WHAT THE TASK REQUIRES:
Without the pictures, retype exactly the lines from the top of the entries below through the line that contains "2023.5.13時点の五箇".

Data entries:
******************************
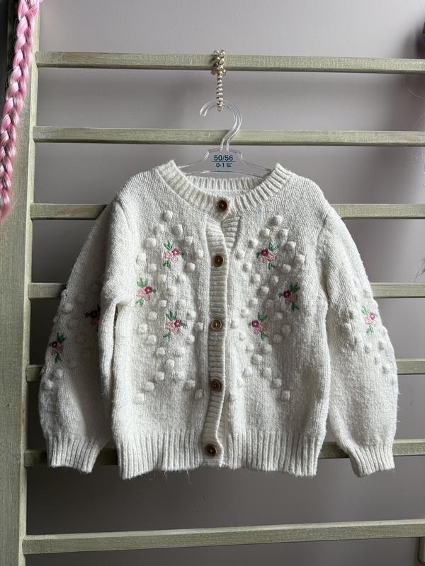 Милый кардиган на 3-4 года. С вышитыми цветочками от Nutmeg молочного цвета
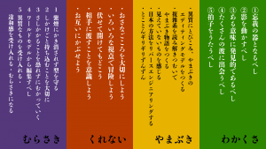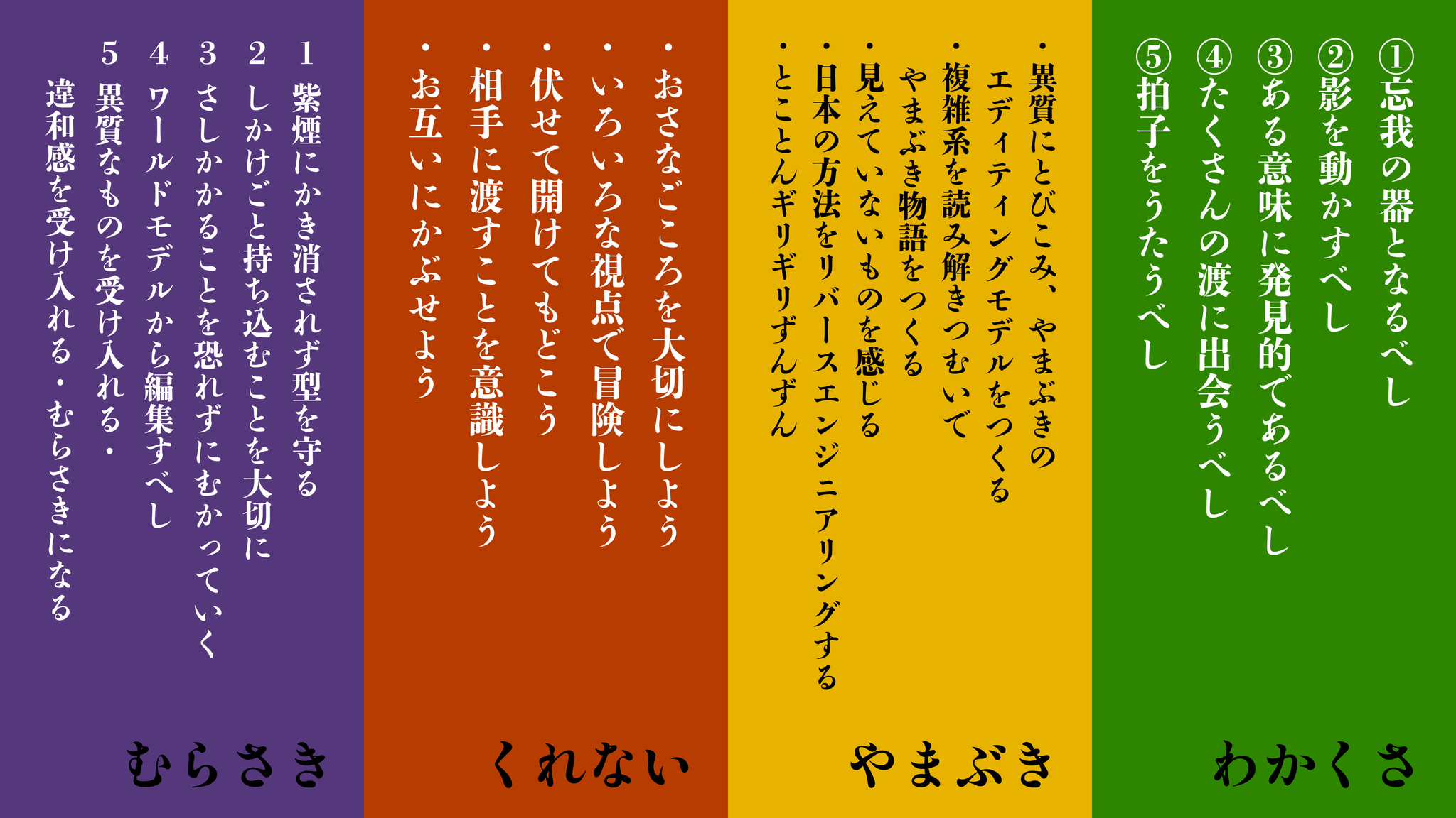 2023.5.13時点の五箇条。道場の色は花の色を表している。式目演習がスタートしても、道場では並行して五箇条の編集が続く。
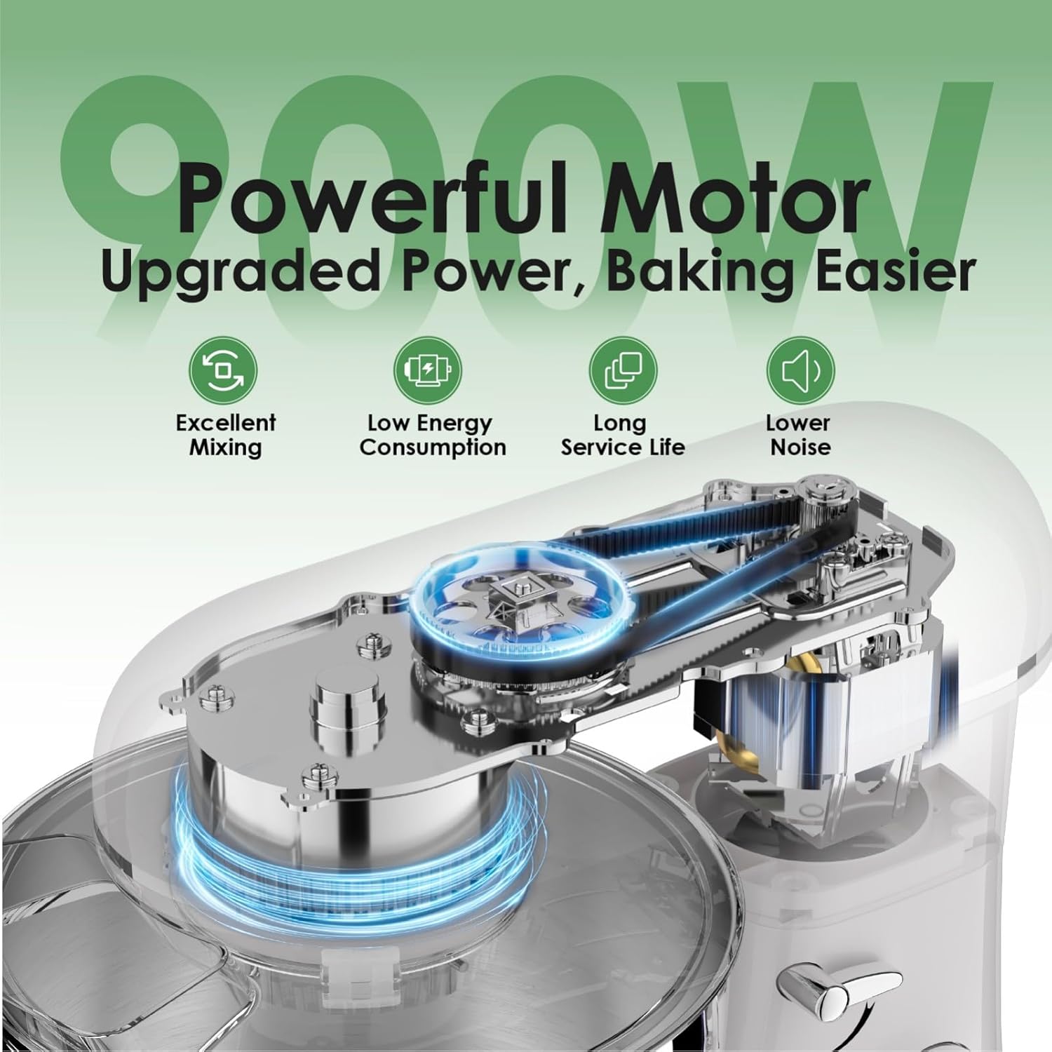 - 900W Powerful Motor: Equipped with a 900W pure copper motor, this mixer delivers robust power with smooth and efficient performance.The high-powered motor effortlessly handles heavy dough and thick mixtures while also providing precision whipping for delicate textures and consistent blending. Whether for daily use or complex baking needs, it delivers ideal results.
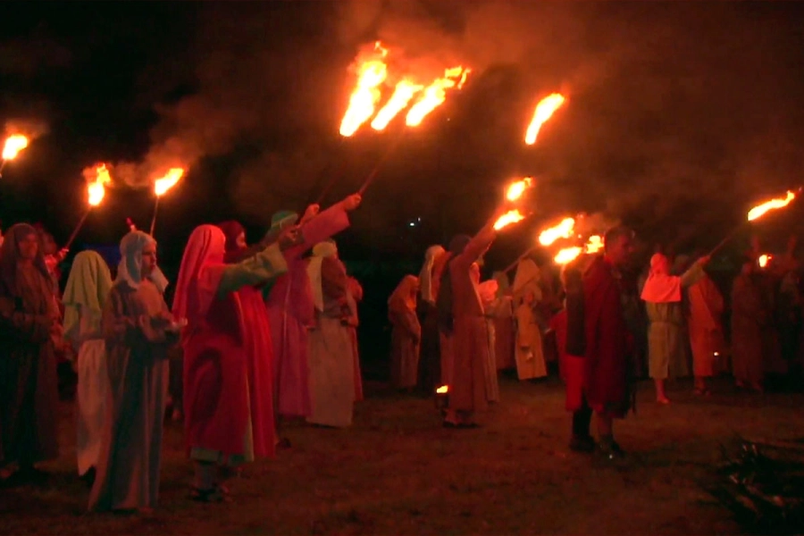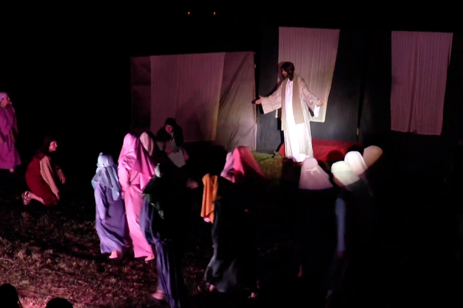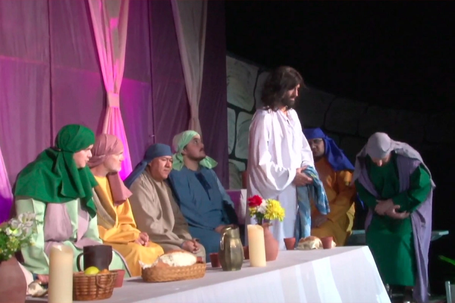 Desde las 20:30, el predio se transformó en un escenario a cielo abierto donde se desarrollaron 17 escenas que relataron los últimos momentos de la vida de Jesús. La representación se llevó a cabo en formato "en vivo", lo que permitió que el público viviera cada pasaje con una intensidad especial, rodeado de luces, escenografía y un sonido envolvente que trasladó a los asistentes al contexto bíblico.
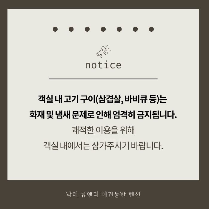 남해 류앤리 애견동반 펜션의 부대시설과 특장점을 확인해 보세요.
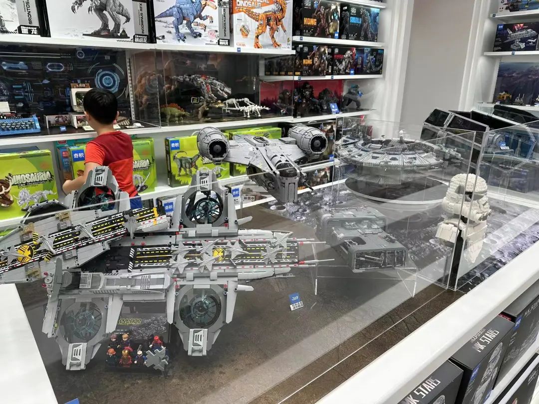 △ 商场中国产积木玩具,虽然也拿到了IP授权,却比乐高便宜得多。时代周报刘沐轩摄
******************************
ANSWER TO THE EXERCISE:
 Милый кардиган на 3-4 года. С вышитыми цветочками от Nutmeg молочного цвета
 2023.5.13時点の五箇条。道場の色は花の色を表している。式目演習がスタートしても、道場では並行して五箇条の編集が続く。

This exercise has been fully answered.